EXERCISE REQUIREMENTS:
Every entry is to be transcribed as it stands. Images stay out.

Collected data
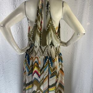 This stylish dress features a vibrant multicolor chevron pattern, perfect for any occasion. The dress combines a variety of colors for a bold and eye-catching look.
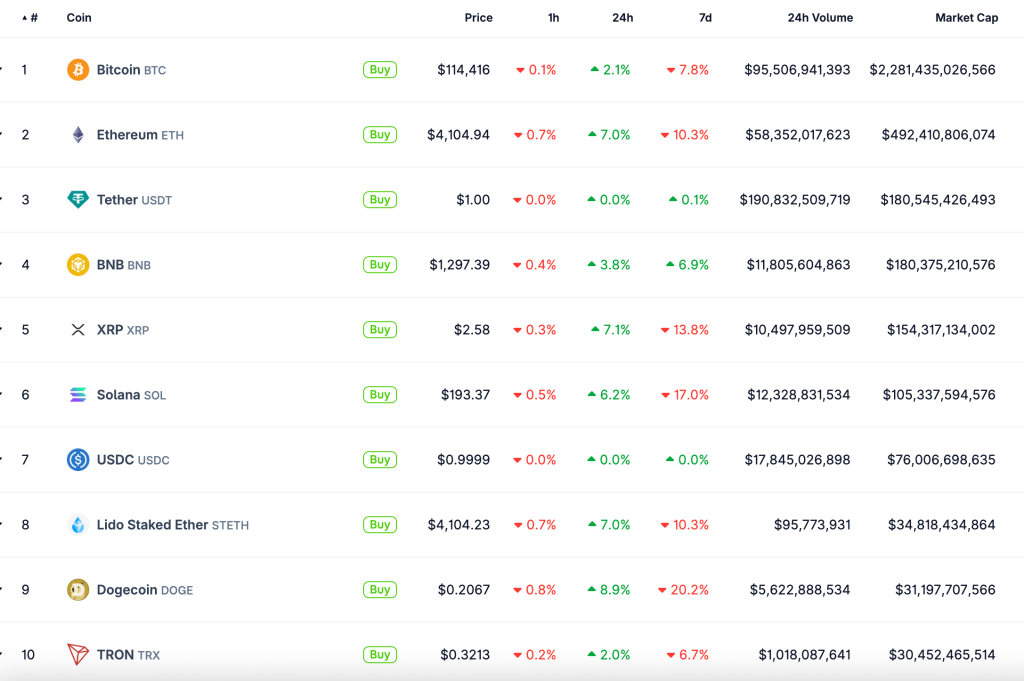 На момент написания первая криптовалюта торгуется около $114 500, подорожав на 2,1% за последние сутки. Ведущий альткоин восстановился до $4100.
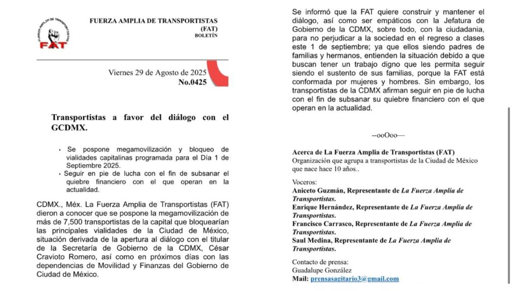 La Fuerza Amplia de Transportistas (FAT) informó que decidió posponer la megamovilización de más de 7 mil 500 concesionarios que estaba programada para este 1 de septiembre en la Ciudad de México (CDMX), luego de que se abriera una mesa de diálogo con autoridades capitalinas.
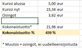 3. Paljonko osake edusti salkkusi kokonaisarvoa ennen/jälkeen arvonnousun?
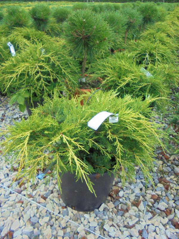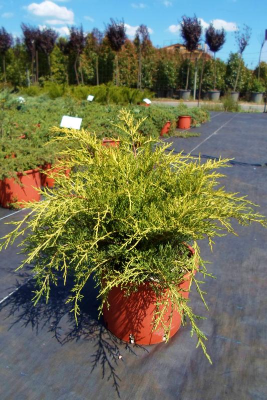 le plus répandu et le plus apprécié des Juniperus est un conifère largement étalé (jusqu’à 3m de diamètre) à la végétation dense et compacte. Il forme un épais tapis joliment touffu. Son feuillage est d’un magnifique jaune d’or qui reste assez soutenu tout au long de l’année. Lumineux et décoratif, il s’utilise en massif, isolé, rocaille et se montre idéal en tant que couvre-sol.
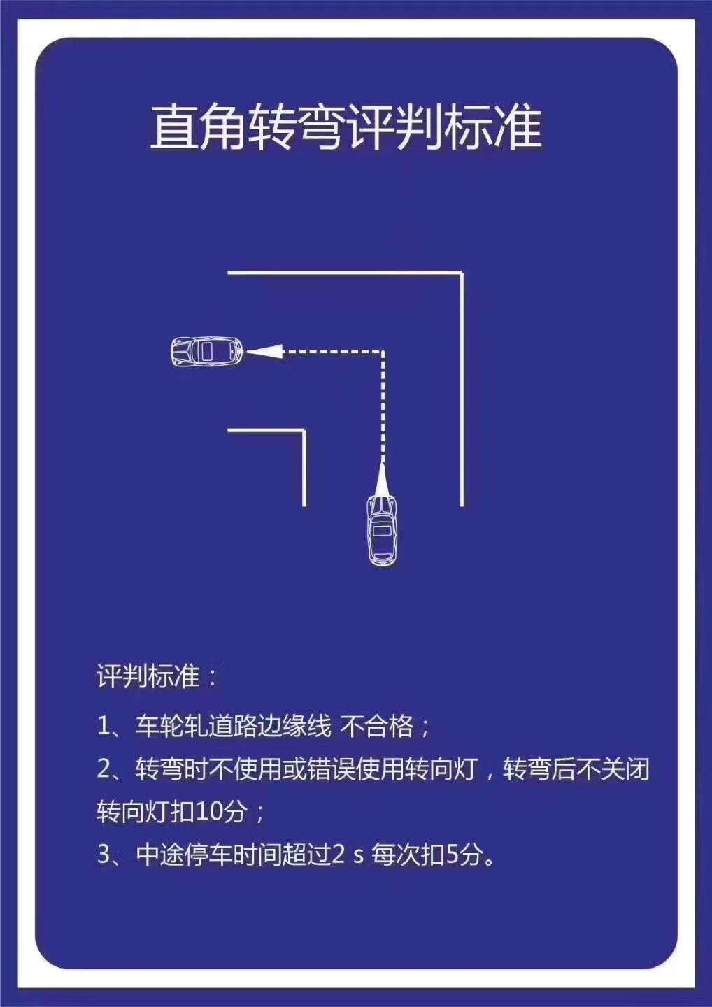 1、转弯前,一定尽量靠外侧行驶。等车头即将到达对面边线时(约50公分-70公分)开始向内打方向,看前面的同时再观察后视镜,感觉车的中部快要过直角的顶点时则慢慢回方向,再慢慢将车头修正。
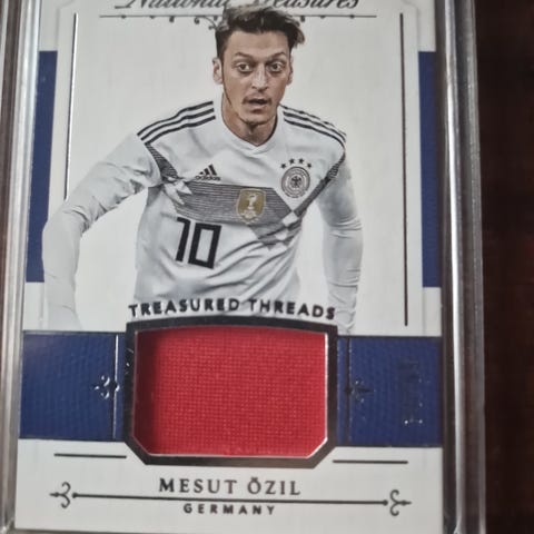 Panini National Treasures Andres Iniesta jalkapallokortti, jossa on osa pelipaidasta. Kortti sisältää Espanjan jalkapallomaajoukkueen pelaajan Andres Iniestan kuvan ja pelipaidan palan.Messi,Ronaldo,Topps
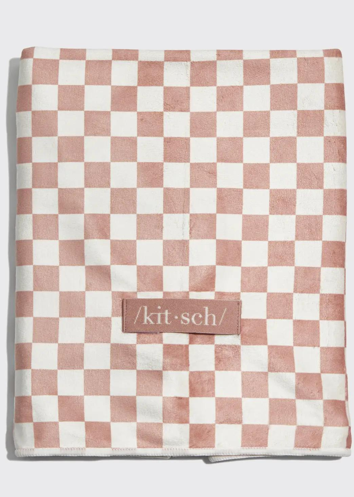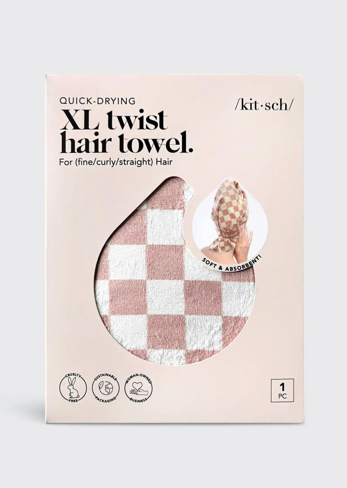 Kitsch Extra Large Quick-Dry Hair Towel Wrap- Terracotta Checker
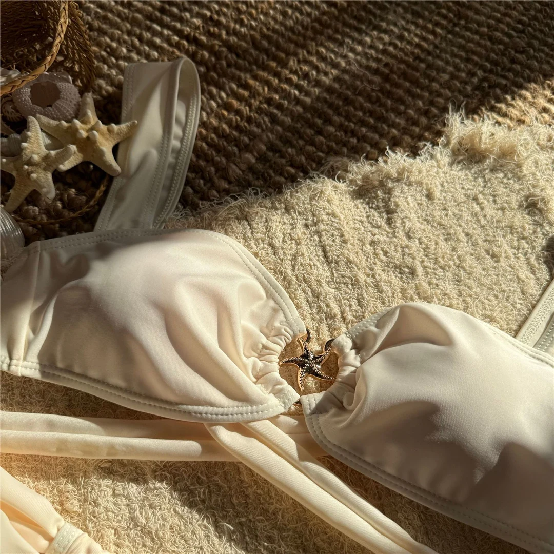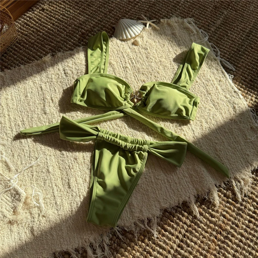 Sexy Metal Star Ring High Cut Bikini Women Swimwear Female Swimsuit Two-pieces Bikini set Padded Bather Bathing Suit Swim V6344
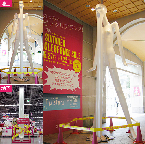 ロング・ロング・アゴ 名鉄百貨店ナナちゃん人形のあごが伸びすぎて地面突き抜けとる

SOLUTION FOR THIS EXERCISE:
 This stylish dress features a vibrant multicolor chevron pattern, perfect for any occasion. The dress combines a variety of colors for a bold and eye-catching look.
 На момент написания первая криптовалюта торгуется около $114 500, подорожав на 2,1% за последние сутки. Ведущий альткоин восстановился до $4100.
 La Fuerza Amplia de Transportistas (FAT) informó que decidió posponer la megamovilización de más de 7 mil 500 concesionarios que estaba programada para este 1 de septiembre en la Ciudad de México (CDMX), luego de que se abriera una mesa de diálogo con autoridades capitalinas.
 3. Paljonko osake edusti salkkusi kokonaisarvoa ennen/jälkeen arvonnousun?
 le plus répandu et le plus apprécié des Juniperus est un conifère largement étalé (jusqu’à 3m de diamètre) à la végétation dense et compacte. Il forme un épais tapis joliment touffu. Son feuillage est d’un magnifique jaune d’or qui reste assez soutenu tout au long de l’année. Lumineux et décoratif, il s’utilise en massif, isolé, rocaille et se montre idéal en tant que couvre-sol.
 1、转弯前,一定尽量靠外侧行驶。等车头即将到达对面边线时(约50公分-70公分)开始向内打方向,看前面的同时再观察后视镜,感觉车的中部快要过直角的顶点时则慢慢回方向,再慢慢将车头修正。
 Panini National Treasures Andres Iniesta jalkapallokortti, jossa on osa pelipaidasta. Kortti sisältää Espanjan jalkapallomaajoukkueen pelaajan Andres Iniestan kuvan ja pelipaidan palan.Messi,Ronaldo,Topps
 Kitsch Extra Large Quick-Dry Hair Towel Wrap- Terracotta Checker
 Sexy Metal Star Ring High Cut Bikini Women Swimwear Female Swimsuit Two-pieces Bikini set Padded Bather Bathing Suit Swim V6344
 ロング・ロング・アゴ 名鉄百貨店ナナちゃん人形のあごが伸びすぎて地面突き抜けとる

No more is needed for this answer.